Understanding Hemingway’s Advice to Writers

Ernest Hemingway

I have always found that being familiar with an author’s life and lifestyle makes his or her works more interesting to read. Although my father, an engineer who rarely reads literature, was fascinated by Hemingway enough to have named one of his cats Ernie, I only recently, post-college, came to know Hemingway more intimately. I sort of stumbled into my infatuation with him after reading The Paris Wife by Paula McLain, a book, which my mother gave to me as a gift, about Hemingway’s life during his first marriage, narrated in the voice of his first wife, Hadley Richardson. After reading about him from the perspective of someone he both loved passionately and betrayed immensely, I needed to read more about him. His life and lifestyle are as engrossing to me as his writing, and the following quotes can be considered some of the best, most simple pieces of advice to fellow writers from one of the greatest, Ernest Hemingway.

“There is no friend as loyal as a book.”

Just think of all those times we’ve felt emotionally hurt or betrayed and we didn’t know who to turn to, so we picked up a book to be distracted from the world as long as necessary. (Or is it just me doing that?).
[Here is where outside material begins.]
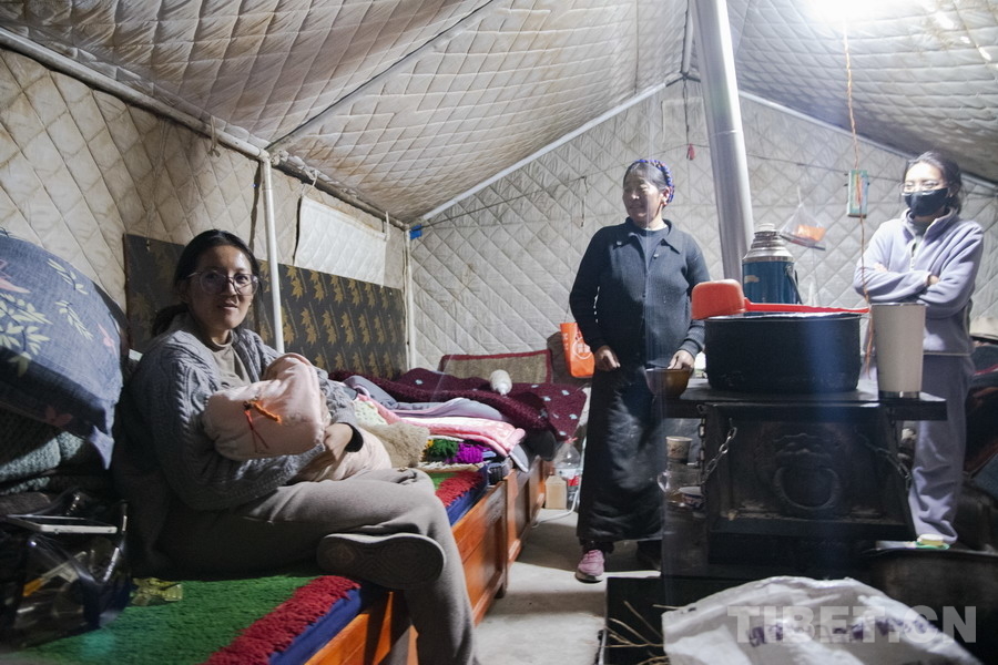 “地震是9點多鐘發(fā)生的,12點鐘我們就已經(jīng)搭建好了帳篷讓次央家住了進去,可以說她是全村第一個住進帳篷的人。考慮到孩子剛剛出生,我們緊急調運來火爐,讓次央家中第一個升起爐火取暖?!边_娃白珍說地震發(fā)生后,村兩委及駐村工作隊干部第一時間趕往平時關照的特殊群眾家中,優(yōu)先幫助他們解決地震后遇到的困難。

A book will never let me down. Unless I’m reading something extremely uninteresting, I am happy and content whilst reading.

“My aim is to put down on paper what I see and what I feel in the best and simplest way.”

As I said in a previous post about a Robert Frost quote, emotions have to pour out of our hearts through our fingers and into the words we’re writing. Write what you feel without thinking too much about what you are writing. In simpler terms, just write.

“The first draft of anything is shit.”

I think this is important for writers to remember: we’re never going to be happy with anything we’ve written the first time we’ve written it because it is never going to be perfect the first time. That is what revision is for. A first draft is exactly what it means. It is the bare bones, the plan, the blueprint of the story that will be developed into something wonderful over time. Don’t be so hard on yourself; we’ve all heard the saying “practice makes perfect,” and writing is not an exception. The only way to be good at writing is to write more.

“Write drunk. Edit sober.”

I first learned about the juice of creativity when I traveled to Cinque Terre, Italy two summers ago. This “juice” was actually Absinthe, and authors would drink it to encourage creativity. Upon returning to university classes, I decided to give the writing drunk thing a try. I wrote some essays whilst drinking, and edited them the following morning. And I must say I wrote some of the best damn essays I’ve ever written in my life under the influence of various creative juices. So, I guess, don’t be afraid to get the creative juices flowing with a tasty beverage. Just don’t forget to edit when you’ve sobered up.

“There is nothing to writing. All you do is sit down at a typewriter and bleed.”

Something phenomenal and worthwhile can be written when we put our whole heart into it. Our work is our blood: we are sharing what is inside of us with whoever wishes to read it. I supposed it’s quite simple: don’t hold back.

“As a writer, you should not judge, you should understand.”

As writers, we shouldn’t judge different lifestyles because we need to understand them in order to write about them. Everyone has the potential to be a character, and if we judge them, we aren’t utilizing their experiences. Their experiences could expand our writing, but only if we are open to that expansion.

“All you have to do is write one true sentence. Write the truest sentence that you know.”

This relates to previous quotes mentioned in this blog: stay true to the emotions we are writing about. Hemingway utilized simplicity, refraining from using subordinating conjunctions. Sometimes it is unnecessary  to have an elaborate sentence laced with descriptive language in order to convey truth; simply write the truth.

These are further quotes worth putting above your writing desk. Or you can do as I’ve done and make it your desktop background. What do you think? Does Hemingway’s advice make you want to write more simply and honestly?